• _Problem_: With the images removed, write out every line below exactly.

• _Data under study_:
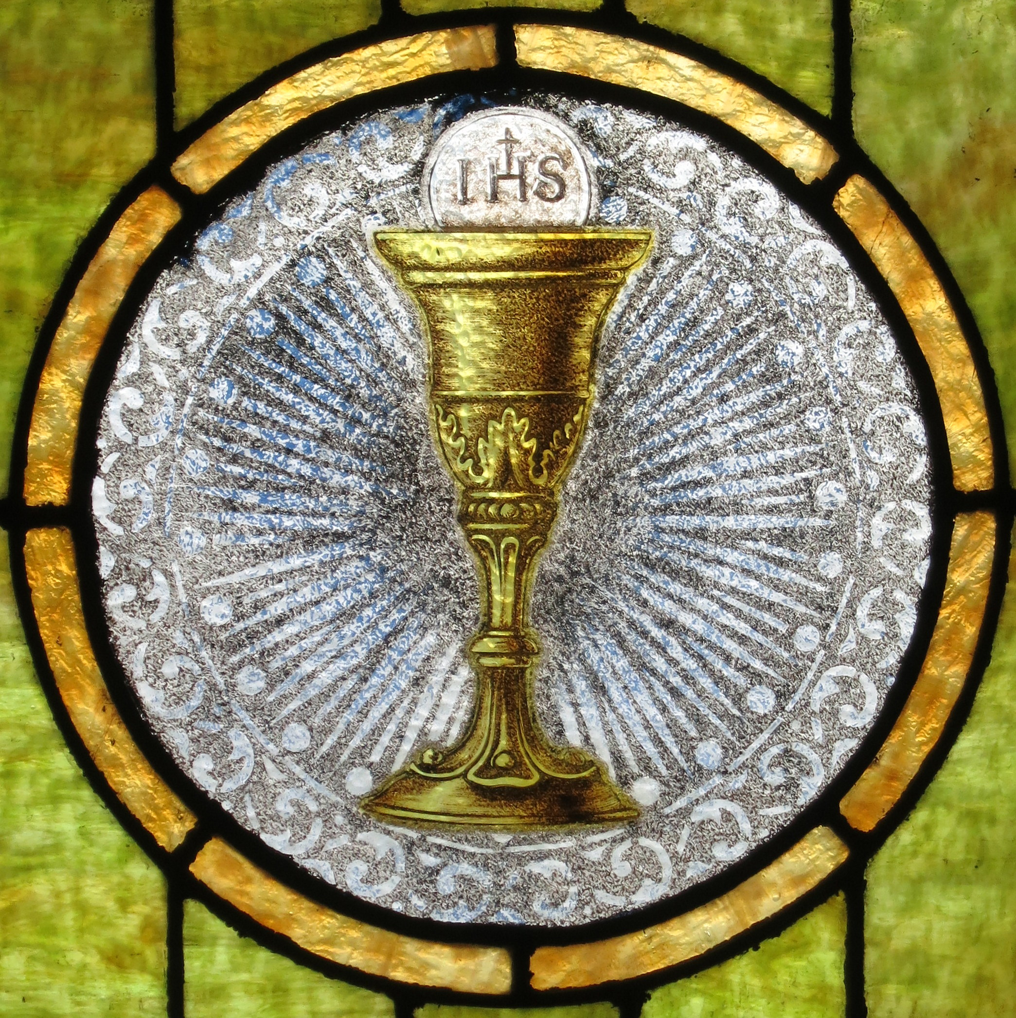 Saint John the Baptist Catholic Church (Dry Ridge, Ohio) - stained glass, Eucharist
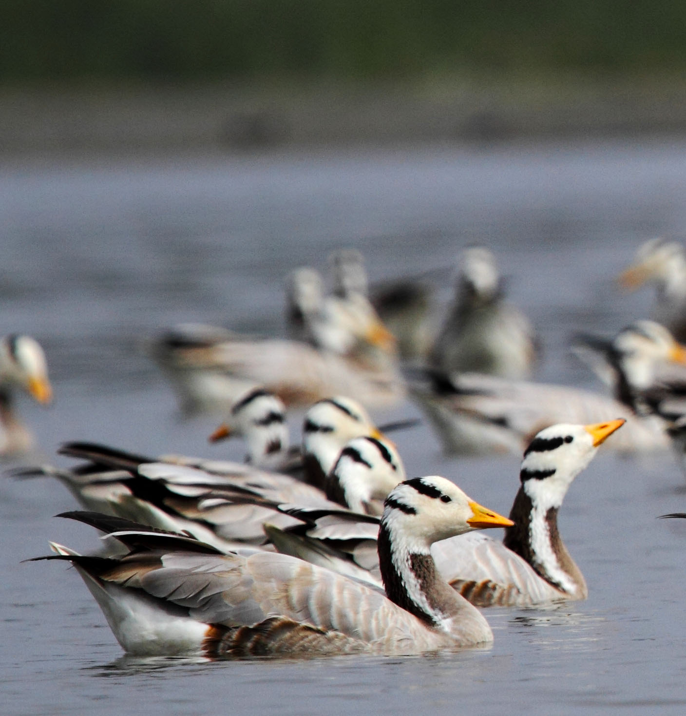 Bar-headed Goose in Mysore region
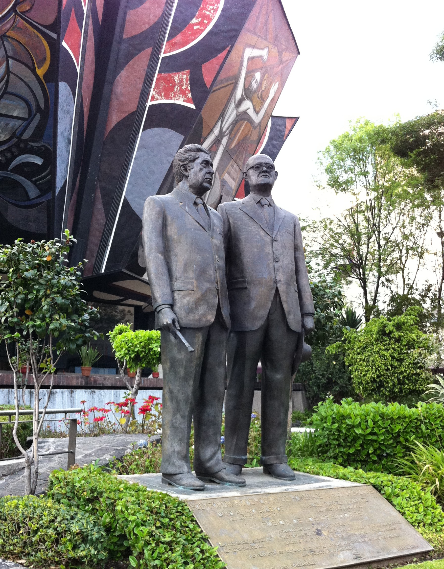 David Alfaro Siqueiros (left, with paint brush) and Manuel Suárez y Suárez (right, holding hat) in front of the Polyforum Siqueiros, Mexico City
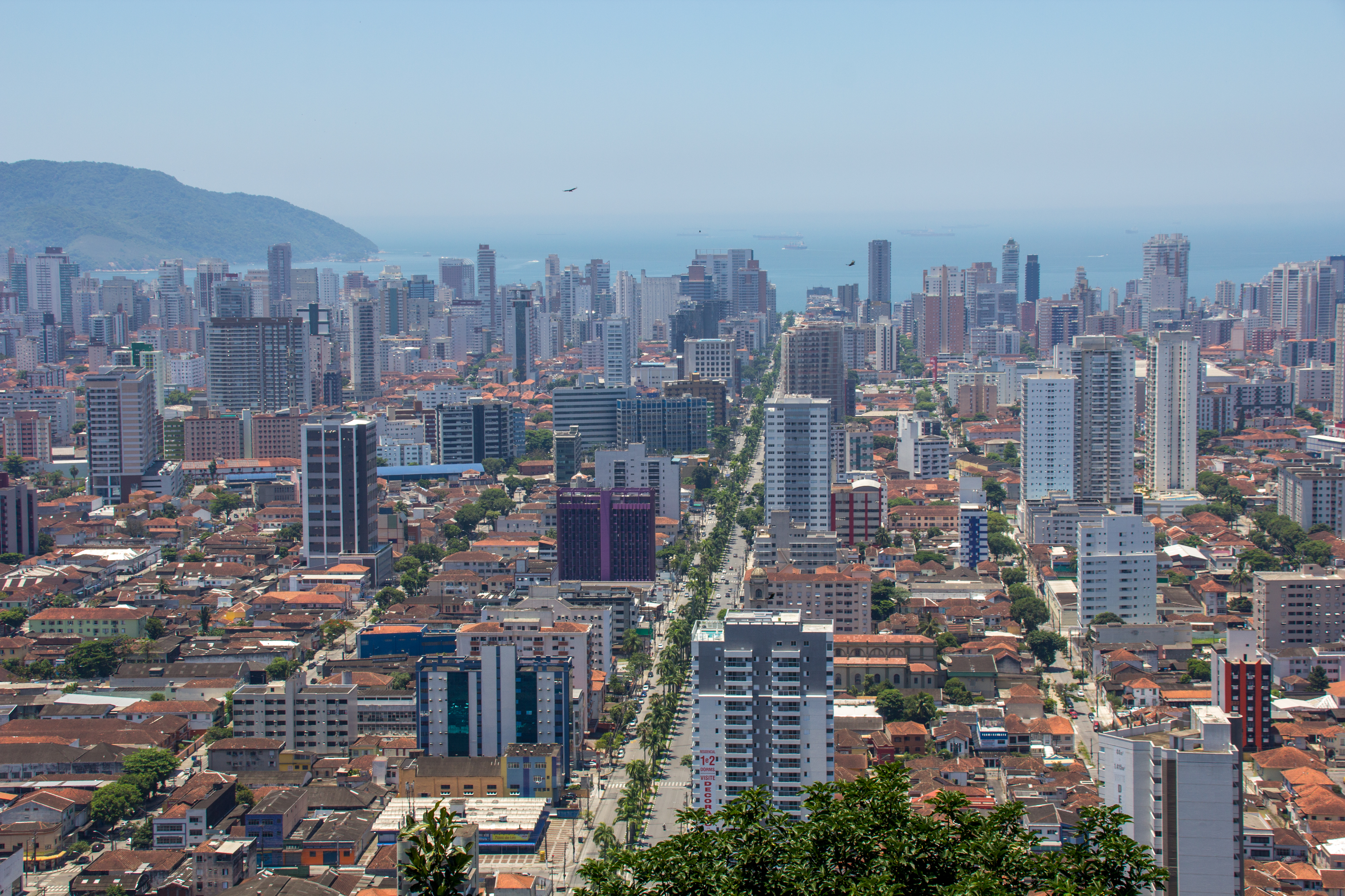 Santos, São Paulo, Brazil
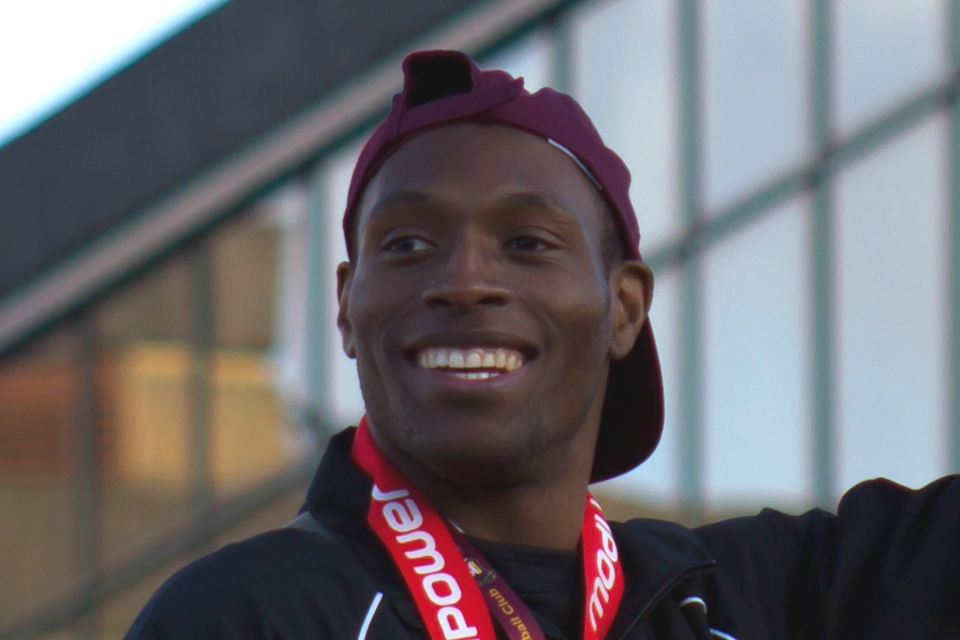 Footballer Kyel Reid. Image cropped from original at flickr.
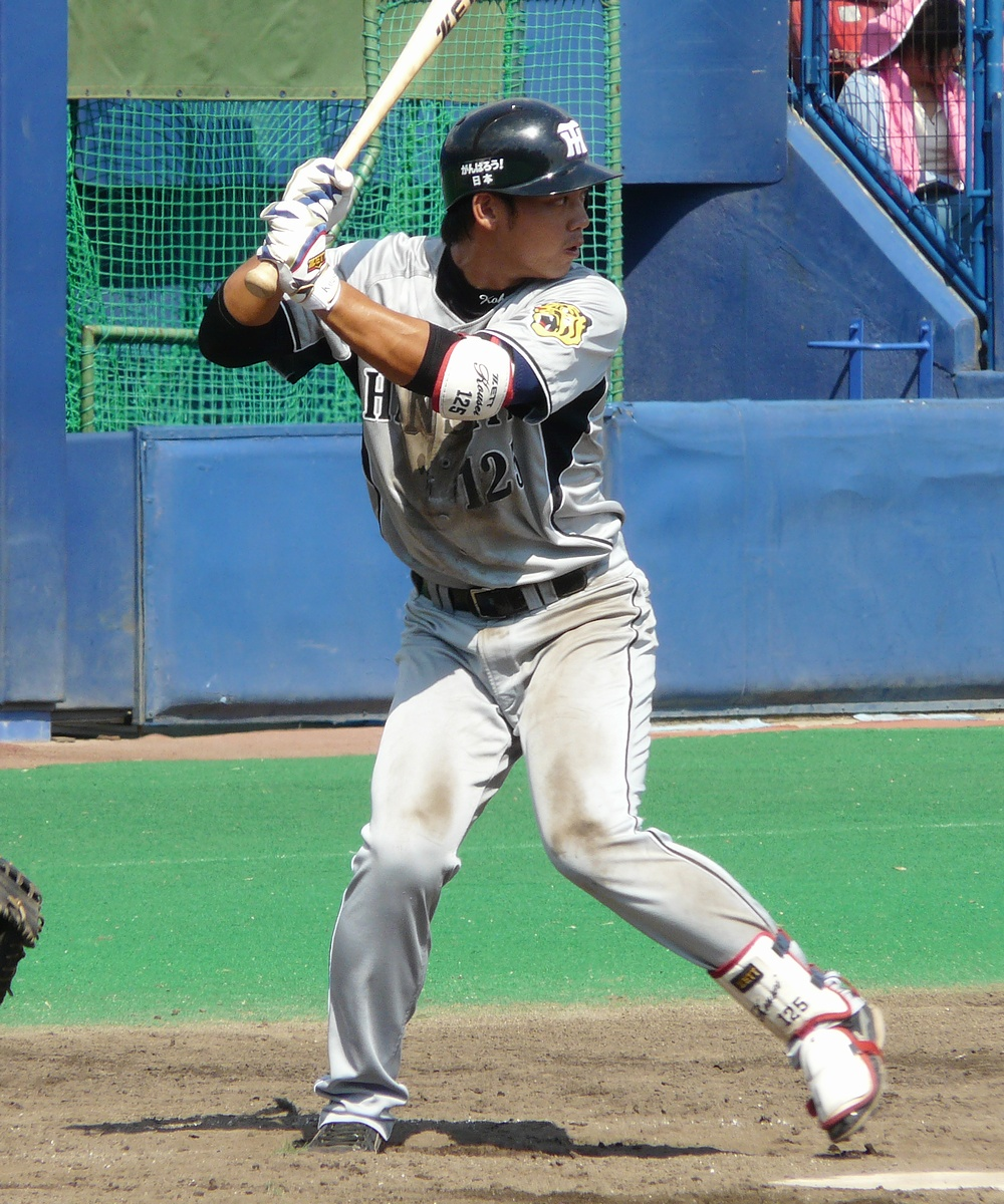 HT-Kosei-Fujii20110908
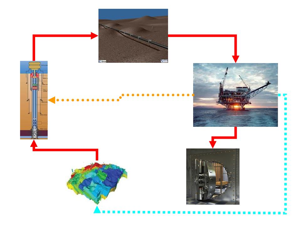 diagram of the required components of a basic integrated asset model
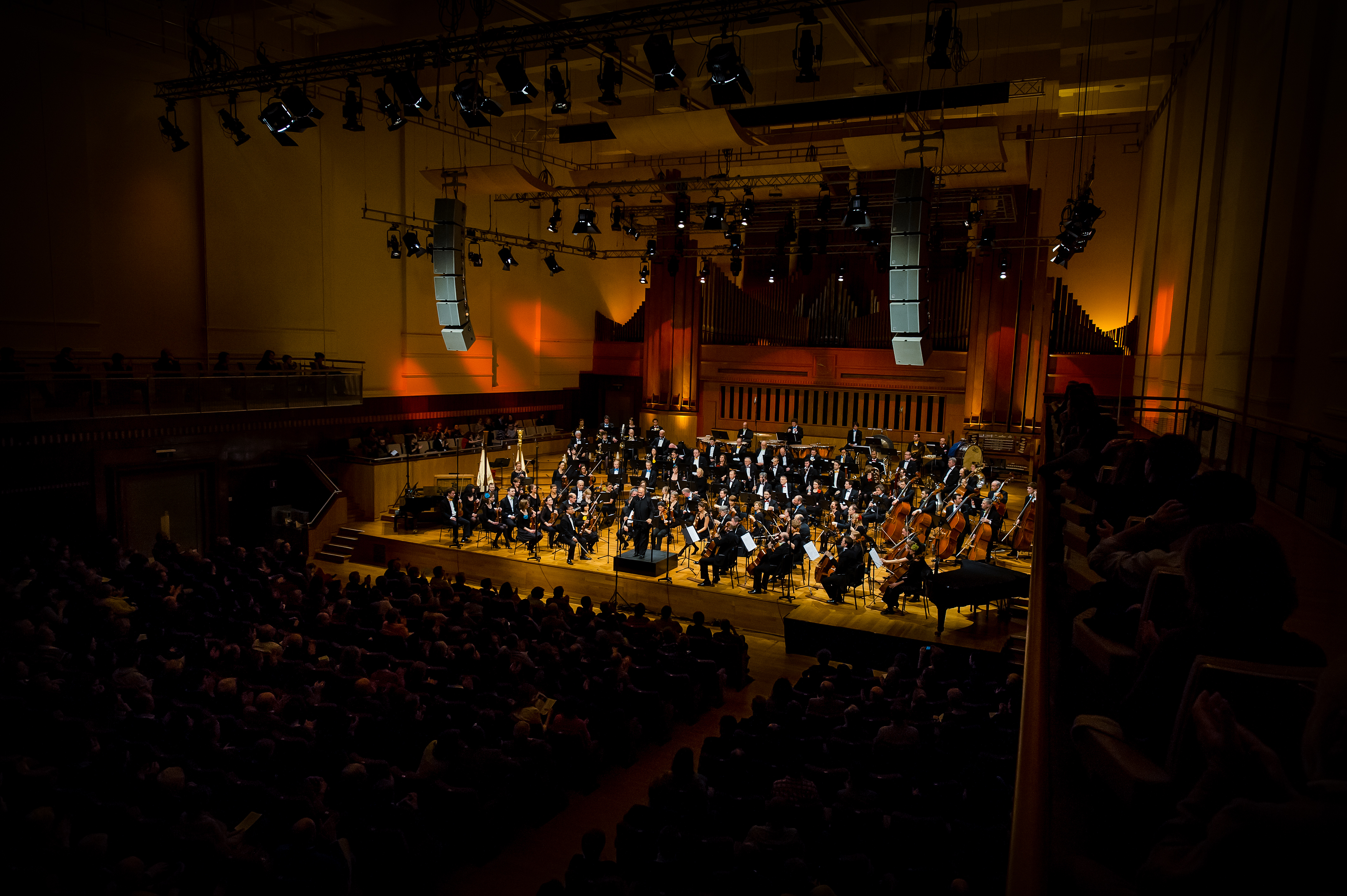 Brussels Philharmonic, 2013, Studio 4, Maison de la Radio de Flagey, Brussels. Photographer: Bart Dewaele
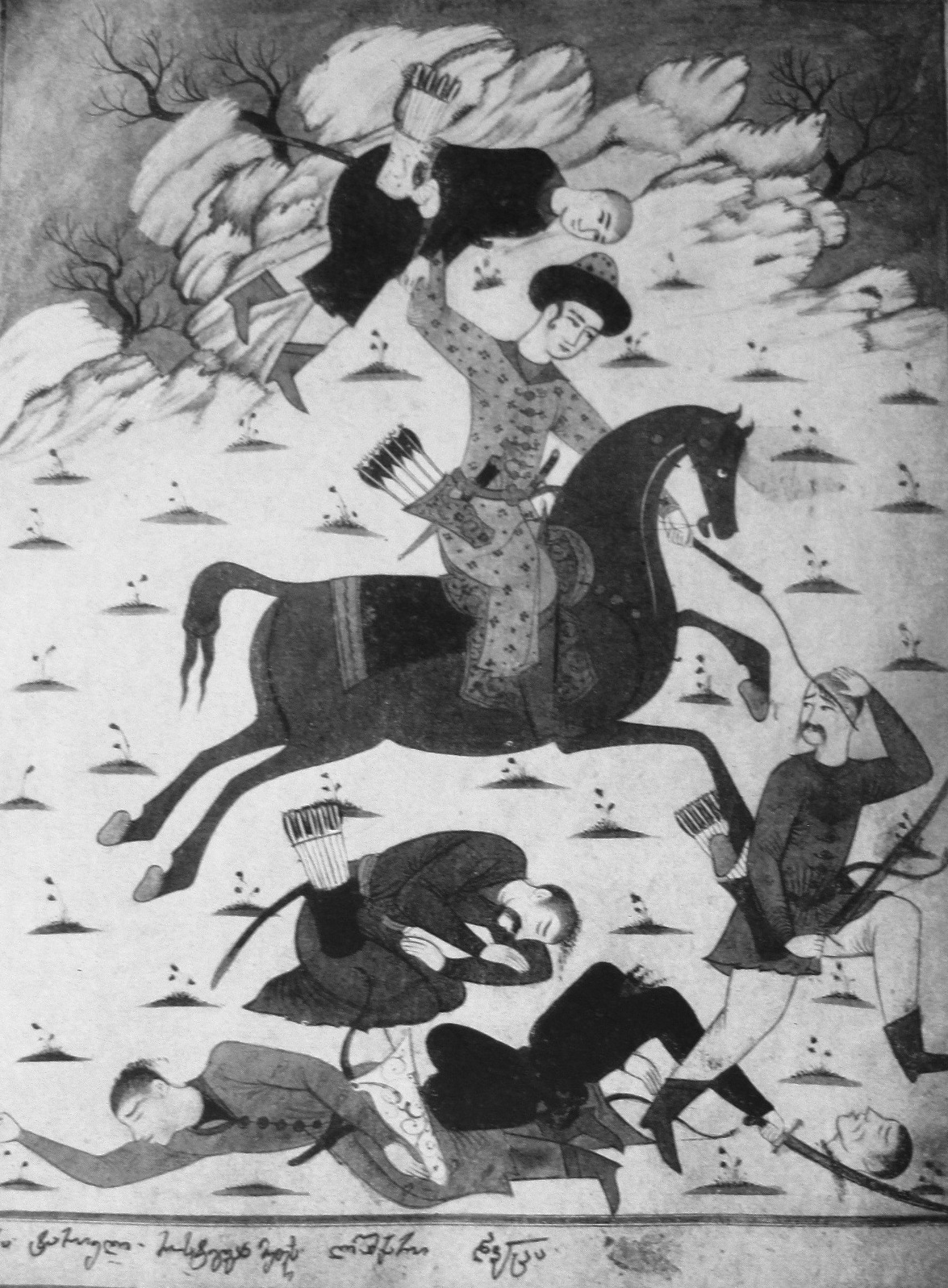 "Tariel killing Rostevan's soldiers". A miniature from the manuscript of "the Knight of the Panther's Skin" by Shota Rustaveli
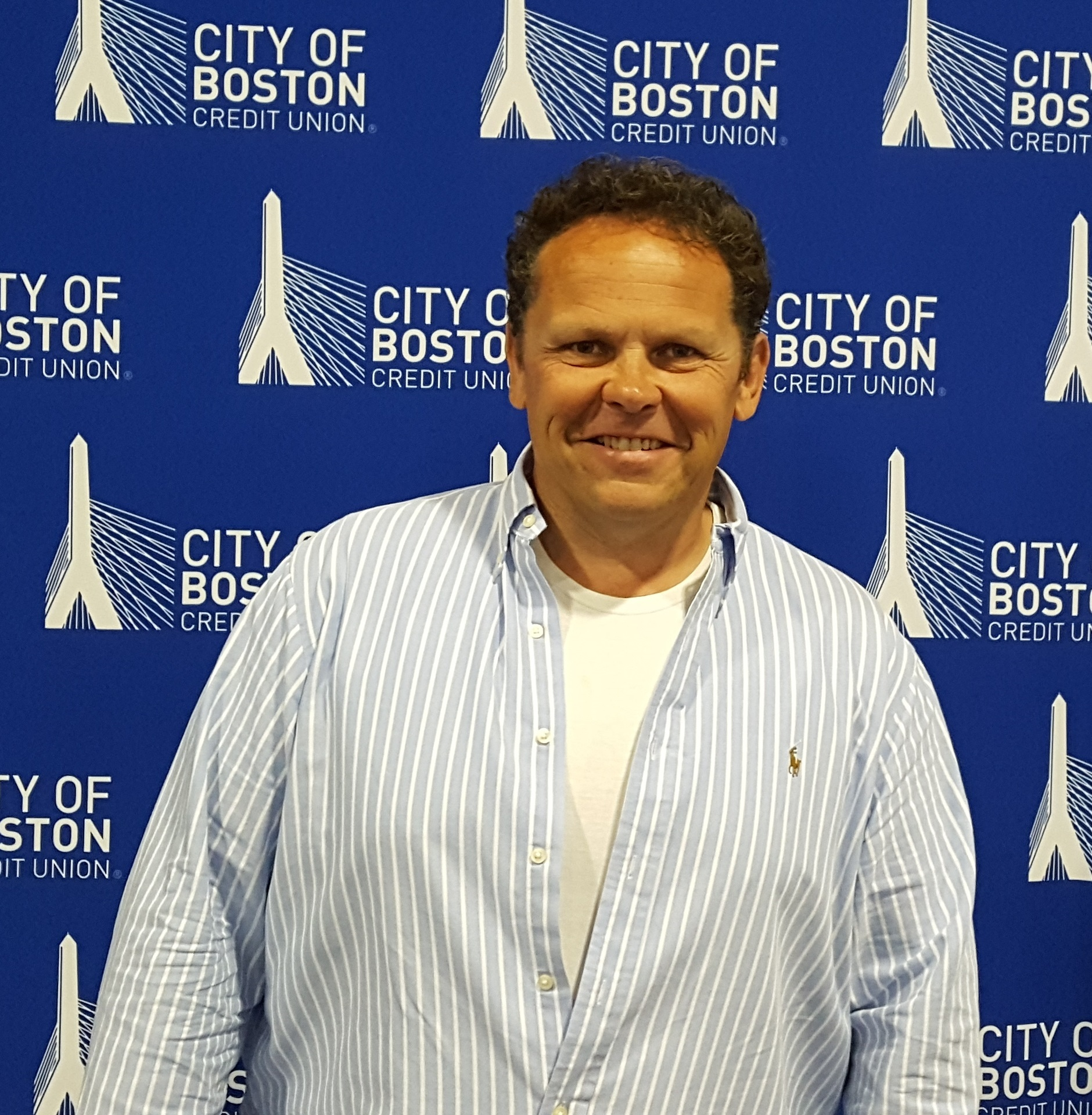 Kevin Chapman at the Boston's Run to Remember Expo in May 2016.

• _Reply_:
 Saint John the Baptist Catholic Church (Dry Ridge, Ohio) - stained glass, Eucharist
 Bar-headed Goose in Mysore region
 David Alfaro Siqueiros (left, with paint brush) and Manuel Suárez y Suárez (right, holding hat) in front of the Polyforum Siqueiros, Mexico City
 Santos, São Paulo, Brazil
 Footballer Kyel Reid. Image cropped from original at flickr.
 HT-Kosei-Fujii20110908
 diagram of the required components of a basic integrated asset model
 Brussels Philharmonic, 2013, Studio 4, Maison de la Radio de Flagey, Brussels. Photographer: Bart Dewaele
 "Tariel killing Rostevan's soldiers". A miniature from the manuscript of "the Knight of the Panther's Skin" by Shota Rustaveli
 Kevin Chapman at the Boston's Run to Remember Expo in May 2016.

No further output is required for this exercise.